Приближеніе зимнихъ мѣсяцевъ и неизбѣжно связанной съ ними непогоды словно изгнало изъ дома Голубиныхъ столь присущіе ему миръ и согласіе. Все, повидимому, шло какъ и прежде. Людмила Павловна хозяйничала, Филиппъ Антоновичъ почитывалъ свои книжки и бесѣдовалъ о прочитанномъ съ отцемъ Сергіемъ; все, казалось, шло по старому, тѣмъ не менѣе посторонняя нотка ворвалась въ свѣтлую гармонію семейнаго счастья, и нотка эта все усиливалась и звучала все рѣзче и рѣзче. Васюта съ каждымъ днемъ становилась тише, спокойнѣе, съ каждымъ днемъ она все больше уединялась; рѣже и рѣже находили на нее минуты веселья, когда, вдругъ вырвавшись изъ какихъ-то наложенныхъ ею на себя оковъ, она поднимала весь домъ вверхъ дномъ и рѣзвилась, какъ выпущенный на волю жеребенокъ. Послѣ каждой подобной вспышки немедленно наступала реакція. Еще другіе продолжаютъ начатую ею возню, а она уже относится въ ней безучастно. Вмѣсто смѣха, на лицѣ появляется озабоченное выраженіе и она спѣшить уйти отъ другихъ. Уединеніе стало для нея такою-же потребностью, какъ въ прежнее, еще недавнее время — общество.
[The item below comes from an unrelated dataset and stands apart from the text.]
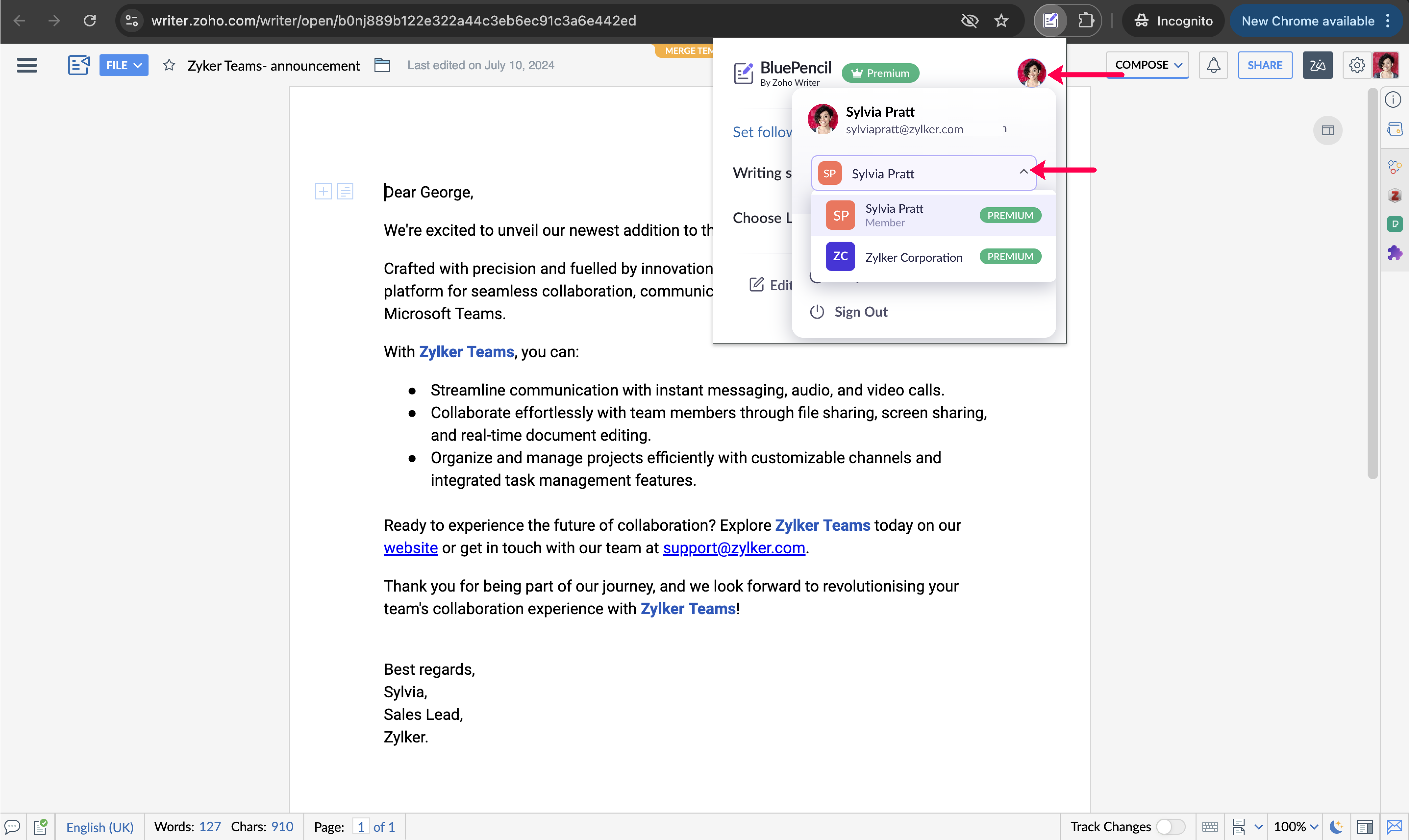 Overview of BluePencil Zoho BluePencil is a free grammar and spell checker that helps you write clear, concise, and error-free documents. It's available as a browser extension for Chrome and Firefox, ensuring accessibility wherever you write. After ...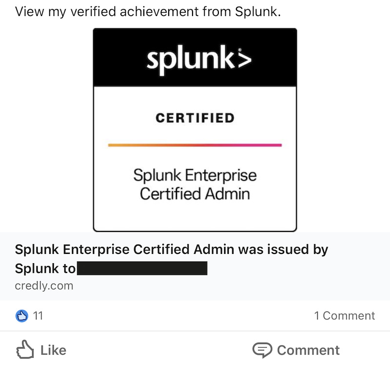 I found this passive example on LinkedIn in a social media post from Splunk. In the post, Splunk is celebrating one of their clients successfully passing their Splunk Enterprise Certified Admin test.

— Васюта наша начинаетъ къ чтенію пристращаться, съ довольнымъ видомъ сообщилъ разъ Филиппъ Антоновичъ отцу Сергію.

— Доброе дѣло, замѣтилъ сочувственно отецъ Сергій.

— Богъ знаетъ, доброе-ли это дѣло, вмѣшалась въ разговоръ Людмила Павловна, — не всегда отъ книжекъ толкъ бываетъ.

— Что ты, Милочка, какъ можно, чтобы отъ книжекъ толку не было, съ мягкимъ укоромъ возразилъ Филиппъ Антоновичъ.

Людмила Павловна не нашла нужнымъ продолжать разговоръ на эту тему. Она раньше другихъ увидала перемѣну въ дочкѣ, и развивающееся пристрастіе Васюты въ книжкамъ въ значительной степени ее безпокоило. Это безпокойство еще усилилось, когда Васюта заявила желаніе уѣхать изъ Алсу въ Москву, доканчивать свое образованіе. Сначала Людмила Павловна отвѣтила смѣхомъ на это довольно нерѣшительно высказанное желаніе, но когда Васюта повторила его, и повторяла не безъ упорства, она разсердилась.

— Это все Лёвкины выдумки! вскрикнула она съ негодованіемъ. — Сдѣлай одолженіе, выкинь дурь изъ головы. Я еще, слава Богу, съума не сошла, чтобы потакать всякимъ глупостямъ.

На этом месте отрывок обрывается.